One signal instance of Obadiah's substantial piety is here recorded. Jezebel had endeavoured to extirpate from the land every prophet of Jehovah, and had already caused many of them to be slain. On this perilous occasion Obadiah was not inactive, but his efforts were employed in the rescue of as many men of the Lord's prophets as possible, and he saved a hundred of them from the iron gripe of Jezebel. He "hid them by fifties in a cave, and fed them with bread and water." The hazard or expense of his undertaking proved no obstacle with him; his love of the brethren constrained him. And does not our blessed Saviour say, "By this shall all men know that ye are my disciples?" Go, then, brethren, and do likewise, whenever it is necessary. The prince of this world, who was a murderer from the beginning, is still awake, and is exciting, in various places, rancorous opposition to the truth of the gospel. Spiritual wickedness is in many high places, as well as in many humble dwellings. Many a preacher may ere long be forced to resign his pulpit, many a teacher his chair, many a mechanic his employment, and many a servant his situation, because he is a true believer in Christ, and a sincere follower of his example. Therefore, forsake not the assembling of yourselves together, ye children of God, for mutual edification and succour. Remember Obadiah. If God continues to spare us, whatever blessings of his goodness we enjoy, let them be shared by our distressed brethren, for they are fellow-heirs with us of our Redeemer's kingdom.

We return to the narrative. "And Ahab called Obadiah," and commissioned him upon a business to be executed in concert with himself. How extraordinary, that a man like Obadiah should be in such favour with a wicked man, and with an Ahab! for it could not have been unknown to the king, or to his court, that Obadiah "feared Jehovah greatly." And this Scripture testimony concerning him is utterly irreconcilable with the supposition that he could dissemble either with the tyrant himself, or with any one else. We can therefore only account for this by supposing that his integrity, activity, and firmness, were things Divinely overruled to restrain the most arrogant and rancorous foes and scoffers within the bounds of a certain respect and reverence.
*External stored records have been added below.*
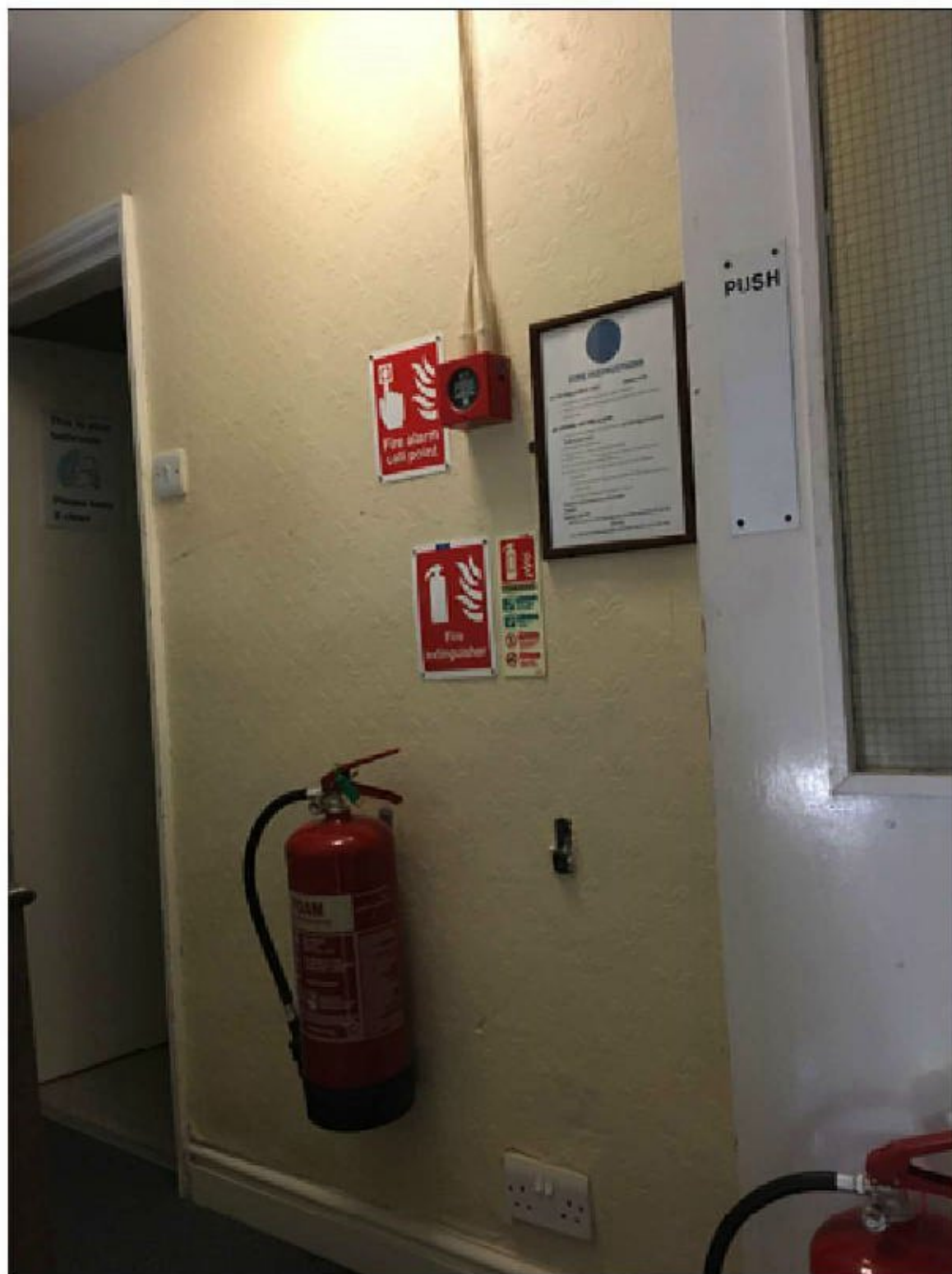
Internal Photo PW26

Photo Location - Bedroom 1 - PW26 - See floor plans for location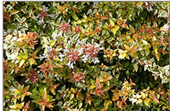
Kaleidoscope Abelia flowers

Kaleidoscope Abelia is a multi-stemmed evergreen shrub with a mounded form. Its average texture blends into the landscape, but can be balanced by one or two finer or coarser trees or shrubs for an effective composition.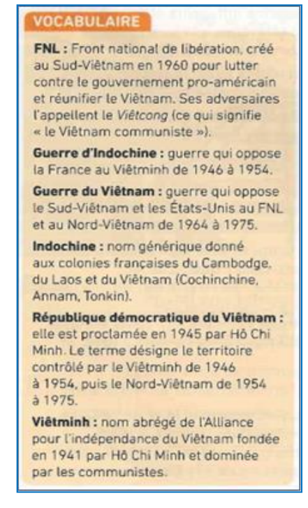
Fig. 1: Vocabulary

The fourth document is the survey on American public opinion about "whether the landing of US troops in Vietnam is a mistake".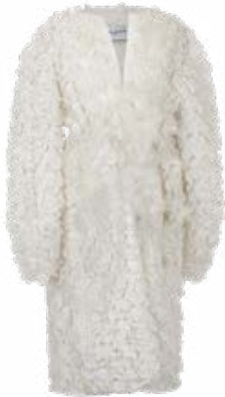
Floral longline coat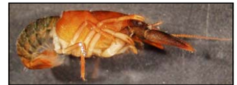
Order Decapoda (crayfish)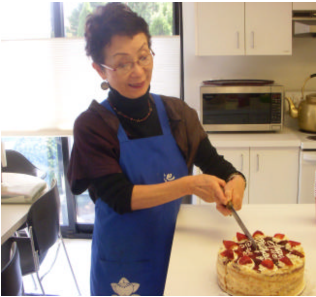
“Happy Birthday Sensei” cake

To the members of the Prairie Ikenobo Ikebana: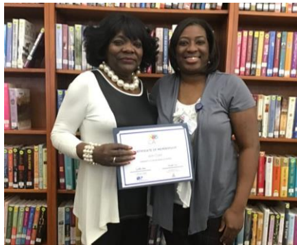
Sikeston Public Library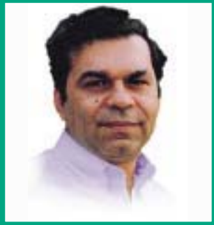
Dr Eliyahu M Goldratt

DR ELI GOLDRATT author of 'The Goal' and Critical Chain'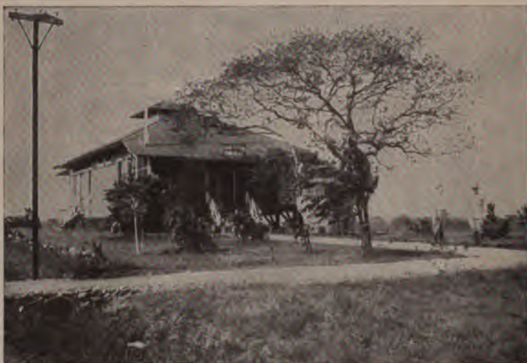
Corozal Police Station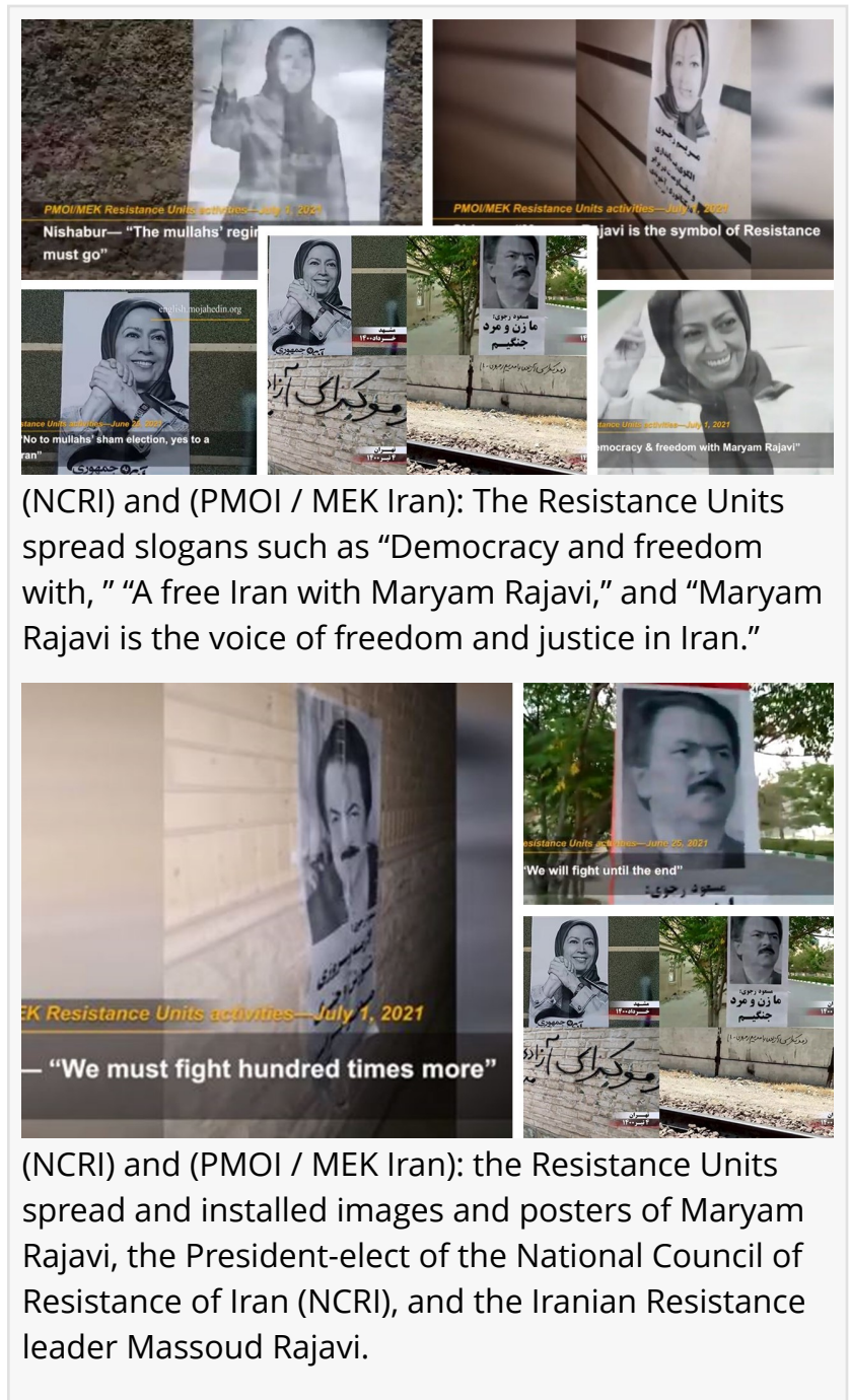
(NCRI) and (PMOI / MEK Iran): The Resistance Units spread slogans such as “Democracy and freedom with, ” “A free Iran with Maryam Rajavi,” and “Maryam Rajavi is the voice of freedom and justice in Iran.”

Shahin Gobadi NCRI +33 6 50 11 98 48 email us here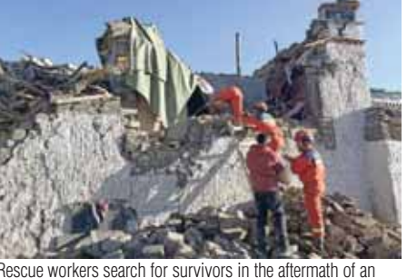
earthquake in Changsuo Township of Dingri in Xigaze, southwestern China's Tibet Autonomous Region

Xi ordered utmost efforts to treat the injured and urged efforts to prevent secondary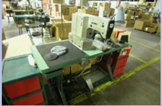
Juki Sewing Machine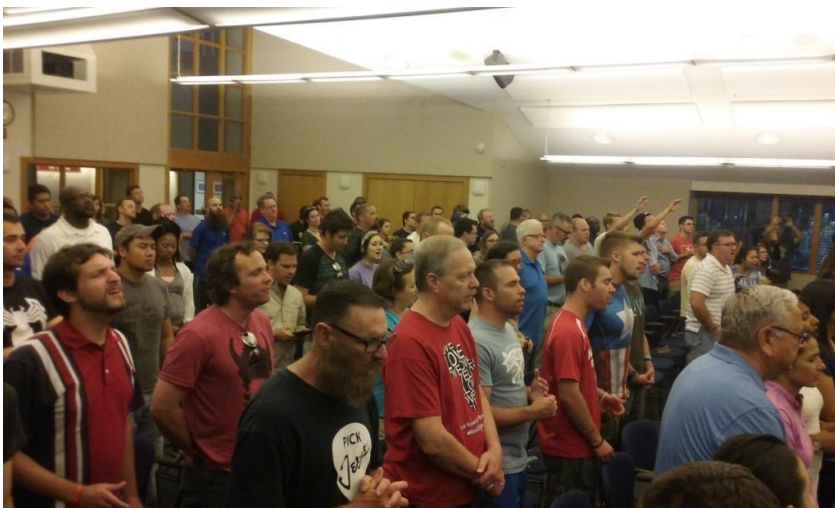
The seminary students at morning worship.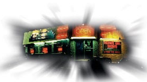
An epidemic of pornography, crime, illegal drugs, and moral degeneracy is threatening to overwhelm us.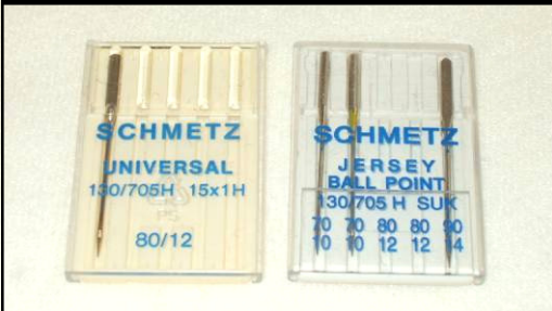
Machine Needles Universals for Wovens Ball Points for Knits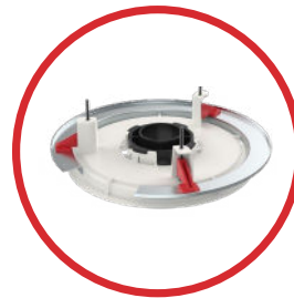
TCM-X-FM Flush Mount Kit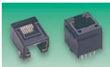
Right angle Vertical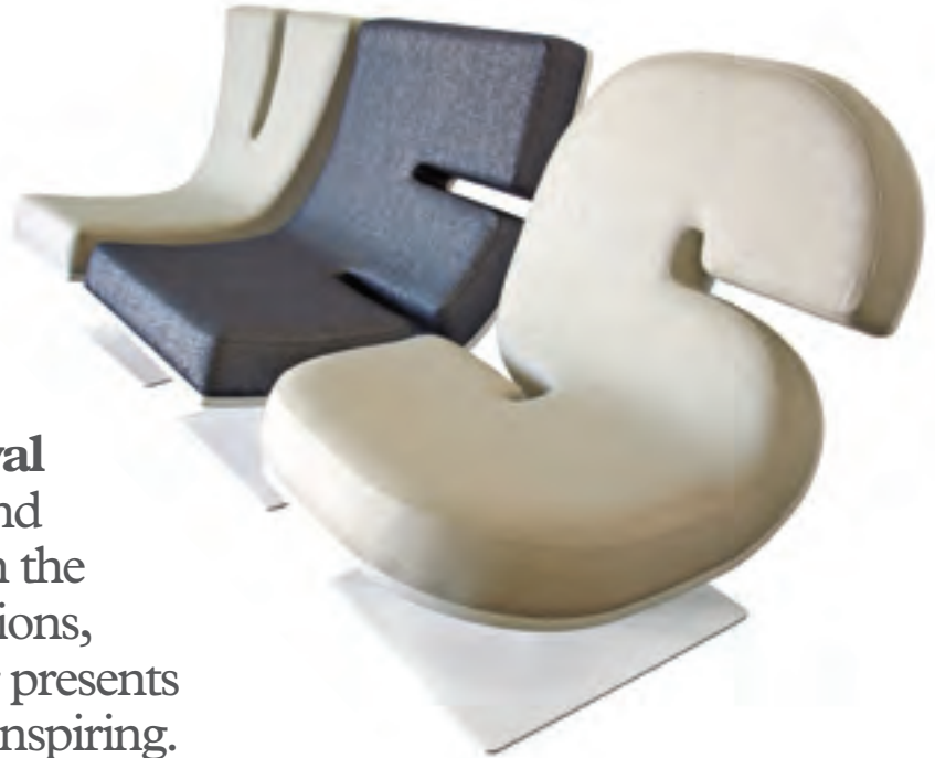
TABISSO TYPOGRAPHICAL FURNITURE www.tabisso.com

The ninth London Design Festival ran from 17-25 September 2011 and showcased more than 300 events in the shape of product launches, installations, exhibitions, tours and talks. Sleeper presents its pick of the most innovative and inspiring.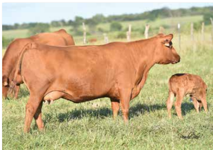
LACY LAKOTA 9049 - DAM OF LOT 32

Ahab probably had discernment enough to perceive that, among all his courtiers, there was no other equal to Obadiah; and those courtiers too might have been conscious that there was no one of themselves in whom such confidence could be placed, as in this israelite of the ancient school; and though the king

might laugh at his religion, he felt that he could not do without him. And is there not something in every true christian that exhorts at least a tacit acknowledgment from the bitterest enemies ; a "light" to which, though it "doth make manifest" their darkness, they are unable to refuse a portion of their esteem and admiration? Yea, it has often happened that eminently pious men have been singularly honoured for their conduct by those who could not understand its principles, and whose own lives were often directly contrary to them.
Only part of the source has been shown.